US 12,033,619 B2
Intelligent media transcription
Clement Decrop, Arlington, VA (US); Tushar Agrawal, West Fargo, ND (US); Jeremy R. Fox, Georgetown, TX (US); and Sarbajit K. Rakshit, Kolkata (IN)
Assigned to International Business Machines Corporation, Armonk, NY (US)
Filed by INTERNATIONAL BUSINESS MACHINES CORPORATION, Armonk, NY (US)
Filed on Nov. 12, 2020, as Appl. No. 17/095,797.
Prior Publication US 2022/0148583 A1, May 12, 2022
Int. Cl. G10L 15/183 (2013.01); G06N 20/00 (2019.01); G09B 5/02 (2006.01); G09B 19/00 (2006.01); G10L 15/01 (2013.01); G10L 15/02 (2006.01); G10L 15/06 (2013.01); G10L 15/22 (2006.01)

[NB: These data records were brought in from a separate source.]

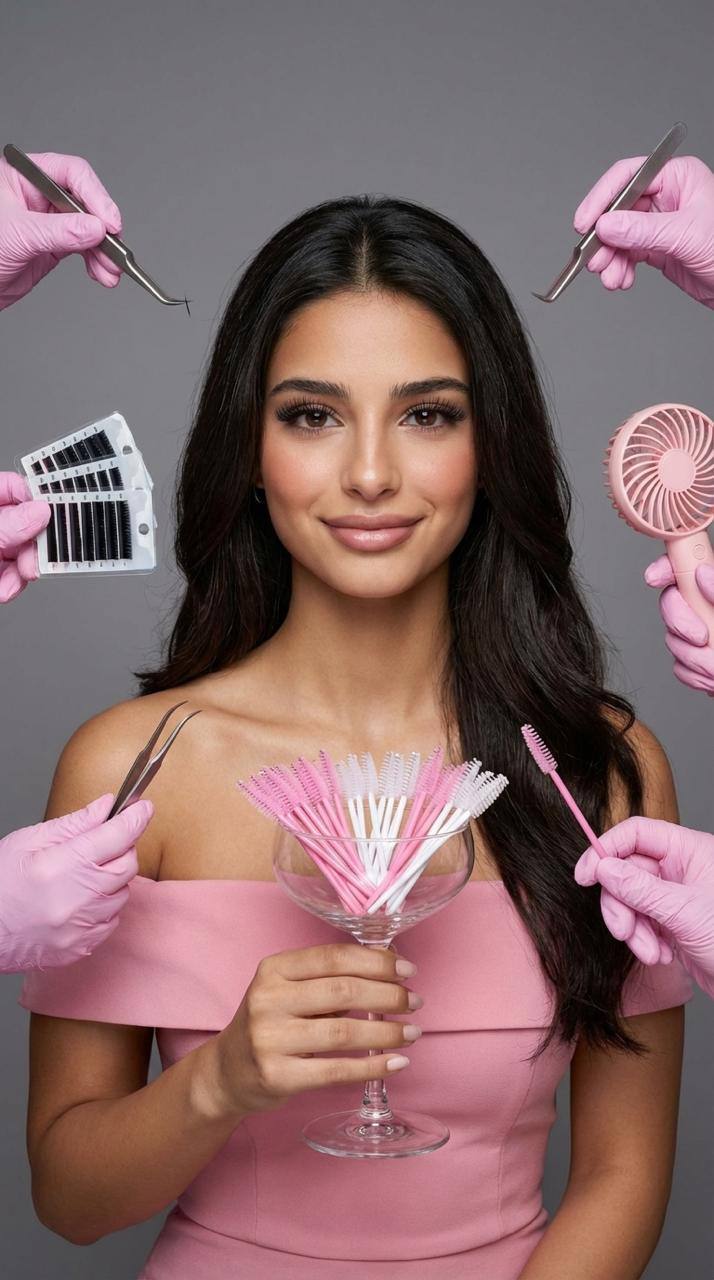 По бокам вокруг неё видны несколько рук в розовых нитриловых перчатках, которые держат профессиональные инструменты для наращивания ресниц: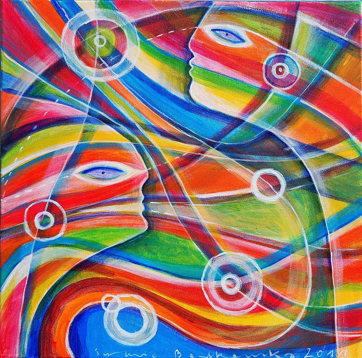 Na obrazie wiruje tęczowa feeria barw, splatająca się w zawiłe wzory i kształty. Przenikają się tu intensywne odcienie czerwieni, żółci i błękitu, tworząc kalejdoskopowy efekt, który przyciąga wzrok. Dwie enigmatyczne postacie z profilu zdają się dyskutować lub zamyślać, ich sylwetki układają się w delikatne linie, przypominające fale płynące po powierzchni. Tłem wibruje energia, jakby wszystko wokół żyło własnym życiem. Całość emanuje dynamiczną atmosferą, jakby obraz chciał pokazać jedność różnorakich emocji. Czuję się, jakbym był na skraju wybuchu, ale w pozytywnym, pełnym nadziei sensie. Artysta zastosował technikę mocnych, pewnych pociągnięć pędzla, mieszając style abstrakcji i ekspresjonizmu. Look! To jak podróż w nieznane, w głąb własnych myśli. Obraz może wzbudzać w odbiorcy zarówno radość, jak i poczucie zagubienia. Chciałbym, żeby życie zawsze było tak kolorowe. Wywołuje we mnie refleksje nad tym, jak różnorodność może tworzyć harmonię. Może przypominać kalejdoskop, w którym każdy element jest niepowtarzalny, a jednak idealnie współgra z innymi. To jak zabawa w wyobraźnię i odkrywanie skrytych emocji ukrytych w plątaninie barw. Co ciekawe, każdy patrząc na ten obraz może dostrzec coś innego, coś, co w nim rezonuje.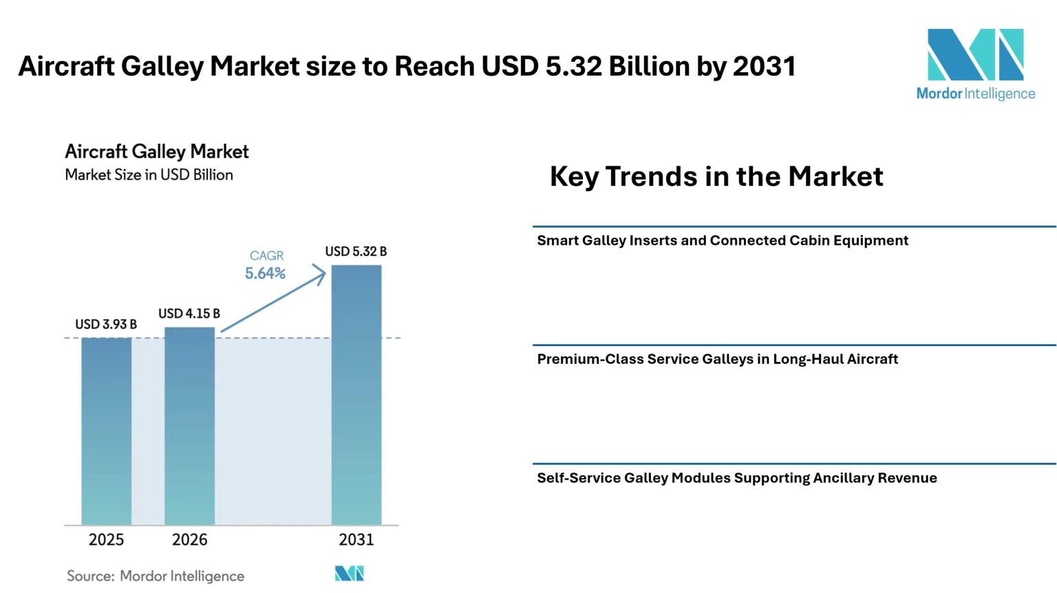 According to Mordor Intelligence, the aircraft galley market size is estimated at USD 4.15 billion in 2026, increasing from USD 3.93 billion in 2025, and projected to reach USD 5.32 billion by 2031, reflecting steady aircraft galley market growth during the forecast period. Airlines are directing post-pandemic investments toward cabin modernization, improved passenger services, and more efficient onboard catering infrastructure.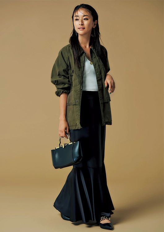 エレガントなサテンスカートは、×ミリジャケでギャップを強めるのが新鮮。インナーはカシミアで、リュクスな雰囲気をもうワンプッシュ。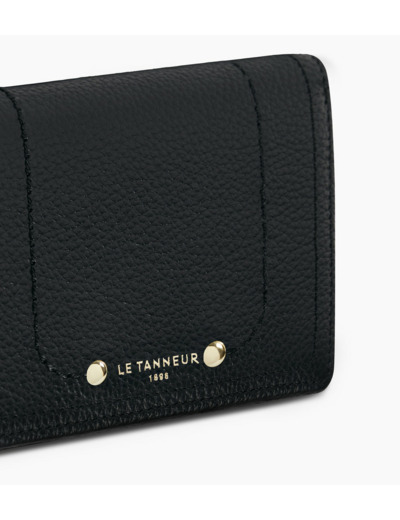 Petit portefeuille avec fermeture pression, poche monnaie zippée et marquage Le Tanneur. Dispose d'une protection RFID.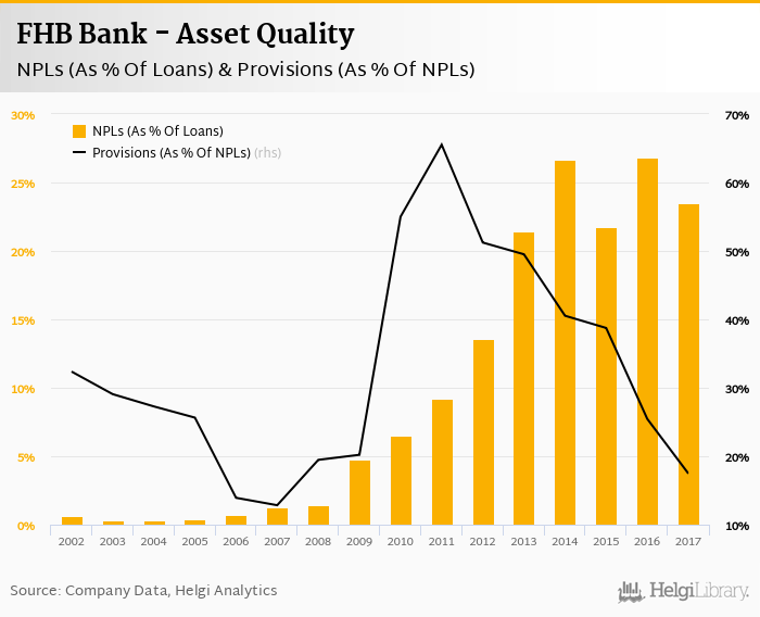 FHB Bank's non-performing loans reached 23.5% of total loans at the end of 2017, down from 26.8% compared to the previous year. Historically, the NPL ratio hit an all time high of 26.8% in 2016 and an all time low of 0.278% in 2003.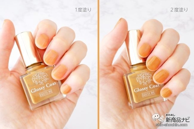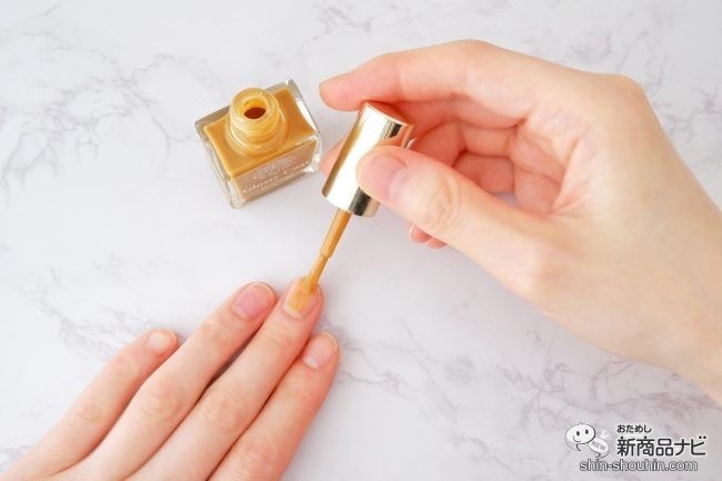 ※仕上がりイメージ1度塗りだと肌になじむナチュラルな仕上がり。2度塗りは指先をより華やかに、カラーがはっきりとした仕上がり。どちらも表面はちゅるんとした艶があり、品のある印象を与えてくれる。

CPC G10L 15/183 (2013.01) [G06N 20/00 (2019.01); G10L 15/01 (2013.01); G10L 15/02 (2013.01); G10L 15/063 (2013.01); G10L 15/22 (2013.01); G09B 5/02 (2013.01); G09B 19/003 (2013.01); G10L 2015/225 (2013.01)] 13 Claims
OG exemplary drawing
 
1. A computer-implemented method for transcribing media, the method comprising:
collecting media of a user, wherein the media comprises content of a presentation given by the user;
extracting one or more features from the media, wherein the extracting is performed using machine learning techniques comprising a convolutional neural network and long short-term memory to parse the collected media and extract the one or more features, and wherein the one or more extracted features comprise one or more speech features;
determining, using one or more models, a transcription style based on the one or more extracted speech features, wherein the one or more models are trained through use of a feedback loop to weight the one or more extracted speech features such that features having a greater correlation with determined particular transcription styles are weighted greater than other features, and wherein the transcription style specifies a transcription format;
transcribing, using the one or more models, the media, according to the determined transcription style, based on the one or more features, and their associated weights, wherein one or more text portions of the transcription are highlighted and bolded based on respective importance values extracted from the one or more features, and wherein an importance value of a text portion of the transcription indicates whether or not a topic of the text portion will be on an exam;
notifying the user of the highlighted and bolded transcription in the determined particular style via a device of the user, wherein the notifying is performed according to preferences of the user; and
receiving, from the user, confirmation of an accuracy of the transcription and approval of the transcription prior to notifying one or more other users of the transcription.